In a second project, we focused our interest in exploring the potential of deep HIV-1 sequencing for adding clinically relevant information relative to viral population sequencing in heavily pre-treated HIV-1-infected subjects. In a proof-of-concept study, deep sequencing was compared to population sequencing in HIV-1-infected individuals with previous triple-class virological failure who also developed virologic failure to deep salvage therapy including, at least, darunavir, tipranavir, etravirine or raltegravir. Viral susceptibility was inferred before salvage therapy initiation and at virological failure using deep and population sequencing genotypes interpreted with the HIVdb, Rega and ANRS algorithms. Deep sequencing data did not consistently modify the susceptibility predictions achieved with population sequencing for darunavir, tipranavir or raltegravir. We concluded that in this subset of heavily pre-treated individuals, deep sequencing improved the assessment of genotypic resistance to etravirine, but did not consistently provide additional information on darunavir, tipranavir or raltegravir susceptibility. These data may inform the design of future studies addressing the clinical value of minority drug-resistant variants in treatment-experienced subjects.
In a third project, we applied deep sequencing to HIV tropism testing. Accurate tropism testing is crucial for HIV management, but major controversies persist regarding which tools and settings confer better diagnostic performance in subjects with detectable and undetectable viremia. QDS of plasma viruses provides the highest diagnostic accuracy relative to ESTA. PS shows better accuracy at a 20 % FPR and in proviral DNA. Tropism testing can be performed either in stored pre-treatment plasma samples or in contemporary proviral DNA in subjects with undetectable viremia not receiving CCR5 antagonists. Tropism testing in proviral DNA, however, requires clinical validation.

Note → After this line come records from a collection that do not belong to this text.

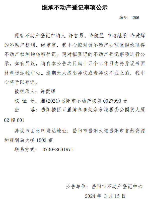 继承不动产登记公示 编号:许智勇、许航翌(1206)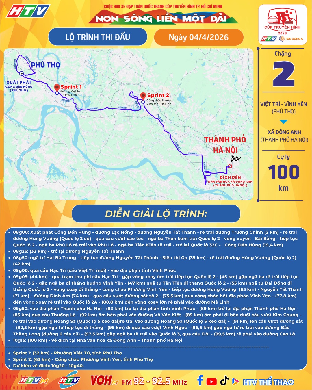 Sau khởi đầu đầy bất ngờ của Sergei Kulikov tại Phú Thọ, đoàn đua Cúp Truyền hình TP.HCM 2026 sẽ bước vào chặng 2 với lộ trình 100km tiến về Hà Nội. Đây không chỉ là thử thách về sức bền trên các cung đường quốc lộ mà còn là cơ hội để các ê-kíp tính toán chiến thuật bứt phá, tối ưu hóa giá trị thương hiệu ngay trong những ngày đầu của hành trình xuyên Việt.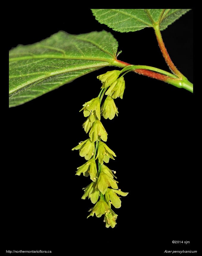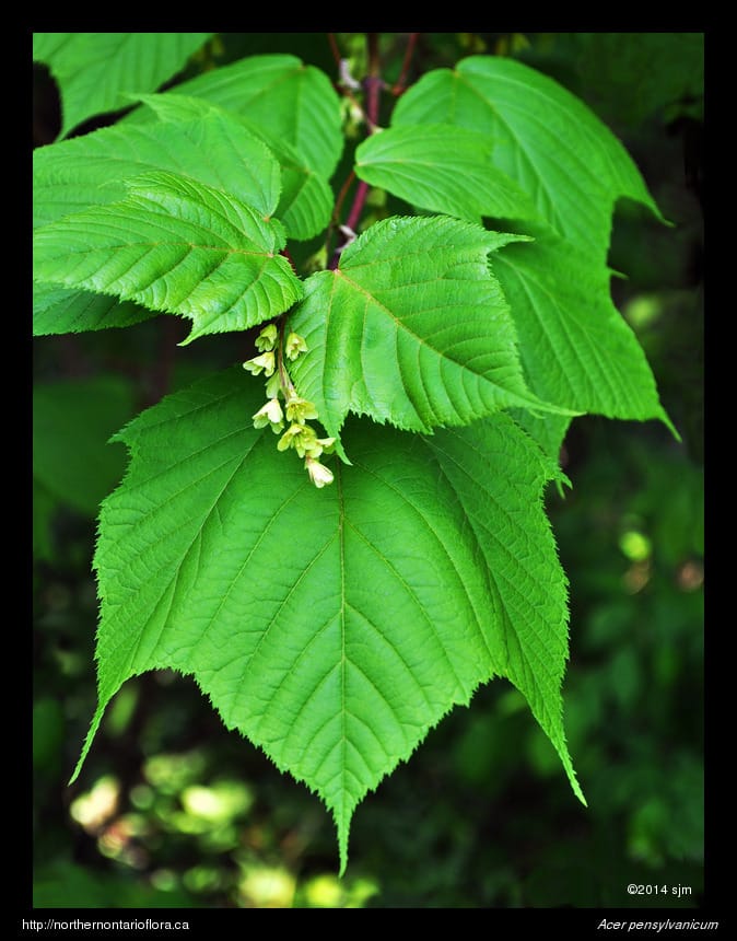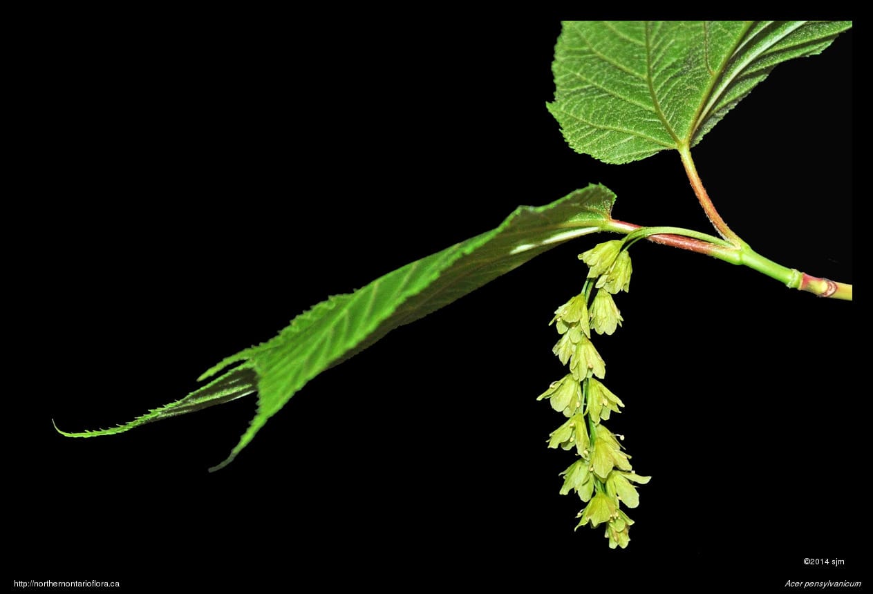 Acer spicatum (mountain maple) is most similar to Acer pensylvanicum, but has coarser-textured leaves with 3 main terminal lobes, sometimes with 2 smaller basal lobes. It's buds are pubescent and the raceme is erect, rather than nodding, as in Acer pensylvanicum. See also the borealforest.org webpages on Acer spicatum (mountain maple).

Overall, our work contributes to advancing the development of more sensitive and accurate diagnostic tools for HIV resistance and tropism, advancing in the field of personalised medicine for HIV-infected individuals. Our work shows that next-generation sequencing technologies are accurate, have the potential to be a cost-effective alternative to assess viral tropism and resistance and provide essential information to advance our understanding of HIV pathogenesis.